Charles Burgess Kelley (born September 11, 1981) is an American country music singer who is the co-lead vocalist and founding member of the country music trio Lady A, which was formed in 2006 and are signed to Big Machine Records. He has also released two solo albums.

==Early life and career==
Kelley was born in Augusta, Georgia, the youngest of three sons of Gayle and Dr. John W. Kelley, a now retired cardiologist. He began his musical career at the age of 11. His older brother, Josh Kelley, is also a musician and singer. As teenagers, Charles, Josh and oldest brother John formed a band called Inside Blue; the band released a five-song CD that garnered the attention of a major label. In middle school, Kelley met Dave Haywood and, at the age of 14, they wrote their first song. They both graduated from Lakeside High School in Evans, Georgia.

Kelley attended the University of Georgia in Athens, Georgia, where he was a member of the Nu Zeta chapter of the Lambda Chi Alpha fraternity. He graduated in 2004 with a degree in finance.

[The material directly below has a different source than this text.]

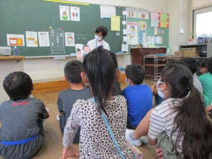 今日は図書ボランティアの方の読み聞かせの日でした。 偶然にも参観日のお話で、子供たちも聞き入っていました。

Before moving to Nashville, Tennessee, in mid-2005 to pursue a musical career, Kelley worked in his brother John's construction business in Winston-Salem, North Carolina, as an accountant for an affiliated waste management company. Kelley made the move after his brother Josh, who was a pop musician at the time, bought a house in Nashville and convinced him to come live there so they could write songs together.

==Musical career==
===Lady A===

Kelley, Hillary Scott, and Dave Haywood founded the country music group Lady A as Lady Antebellum in 2006 and released their debut album in April 2008. The trio either wrote or co-wrote ten of the eleven songs on the album, which featured production by Paul Worley and Victoria Shaw. The album included the trio's debut hit, "Love Don't Live Here", along with the singles, "Lookin' for a Good Time" and "I Run to You", the latter of which became their first number one hit on Billboards Hot Country Songs chart in July 2009. It was certified platinum by the RIAA in October 2009. In 2008, they returned to Charles' and Dave's former high school alma mater, Lakeside High School, and performed a short concert in the gymnasium.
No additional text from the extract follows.